Optimizely Agent: Scaling Resilient Feature Delivery
Optimizely Agent: Scaling Resilient Feature DeliveryOptimizely Agent: Scaling Resilient Feature Delivery
Optimizely Agent: Scaling Resilient Feature Delivery
 
Working with data using Azure Functions.pdf
Working with data using Azure Functions.pdfWorking with data using Azure Functions.pdf
Working with data using Azure Functions.pdf
 
Full accesspolicyconsolidation for event processing systems
Full accesspolicyconsolidation for event processing systemsFull accesspolicyconsolidation for event processing systems
Full accesspolicyconsolidation for event processing systems
 
Microservices with .Net - NDC Sydney, 2016
Microservices with .Net - NDC Sydney, 2016Microservices with .Net - NDC Sydney, 2016
Microservices with .Net - NDC Sydney, 2016
 
The Art of The Event Streaming Application: Streams, Stream Processors and Sc...
The Art of The Event Streaming Application: Streams, Stream Processors and Sc...The Art of The Event Streaming Application: Streams, Stream Processors and Sc...
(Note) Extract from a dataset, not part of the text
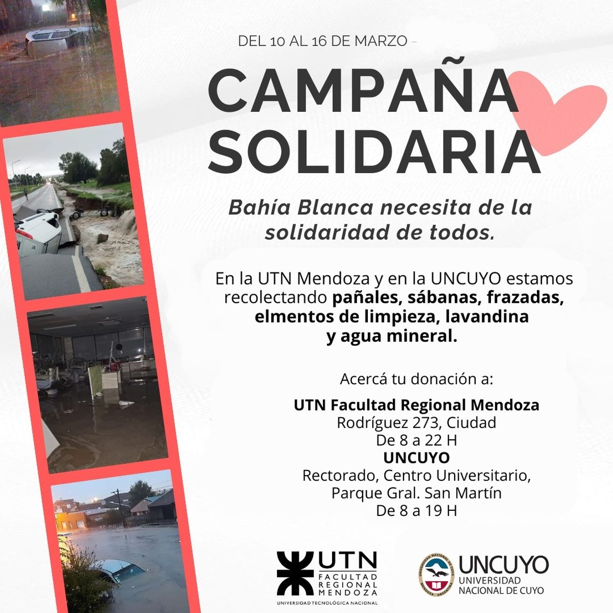 Frente a la urgencia de miles de familias que lo perdieron todo, la Universidad Nacional de Cuyo (UNCuyo) y la Universidad Tecnológica Nacional (UNCuyo) se unieron en una cruzada solidaria para recolectar elementos de higiene y de abrigo. La misma se extenderá desde este lunes al 16 de marzo.
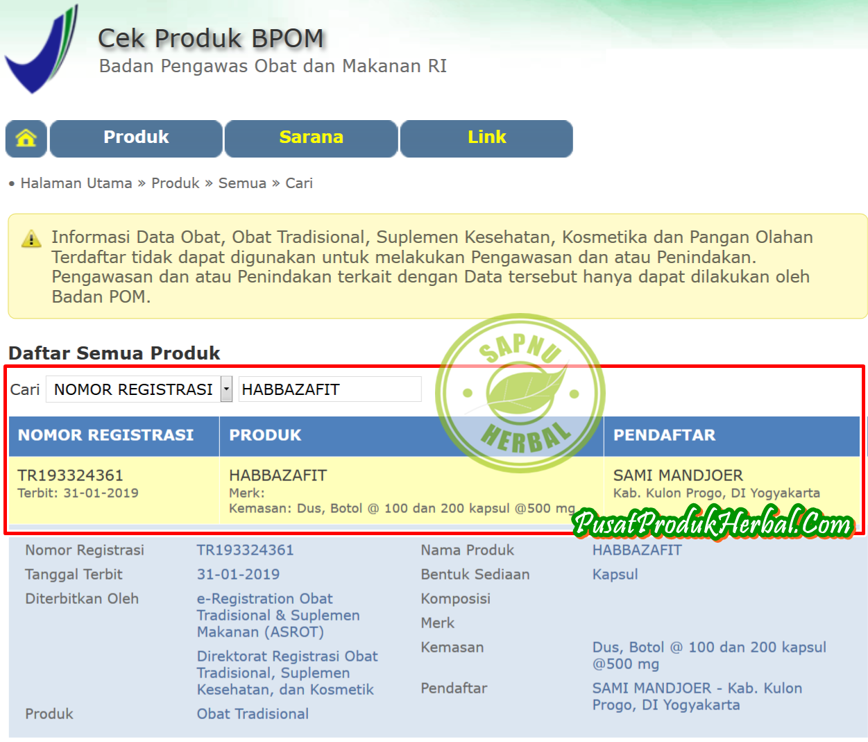 Legalitas Produk "HabbazaFit Softgel"

The Art of The Event Streaming Application: Streams, Stream Processors and Sc...
 
Kakfa summit london 2019 - the art of the event-streaming app
Kakfa summit london 2019 - the art of the event-streaming appKakfa summit london 2019 - the art of the event-streaming app
Kakfa summit london 2019 - the art of the event-streaming app
 
Fabric - Realtime stream processing framework
Fabric - Realtime stream processing frameworkFabric - Realtime stream processing framework
Fabric - Realtime stream processing framework
 
Observability foundations in dynamically evolving architectures
Observability foundations in dynamically evolving architecturesObservability foundations in dynamically evolving architectures
Observability foundations in dynamically evolving architectures
 
WSO2 Complex Event Processor - Product Overview
WSO2 Complex Event Processor - Product OverviewWSO2 Complex Event Processor - Product Overview
WSO2 Complex Event Processor - Product Overview
 
Flink Forward Berlin 2018: Amey Chaugule - "Threading Needles in a Haystack: ...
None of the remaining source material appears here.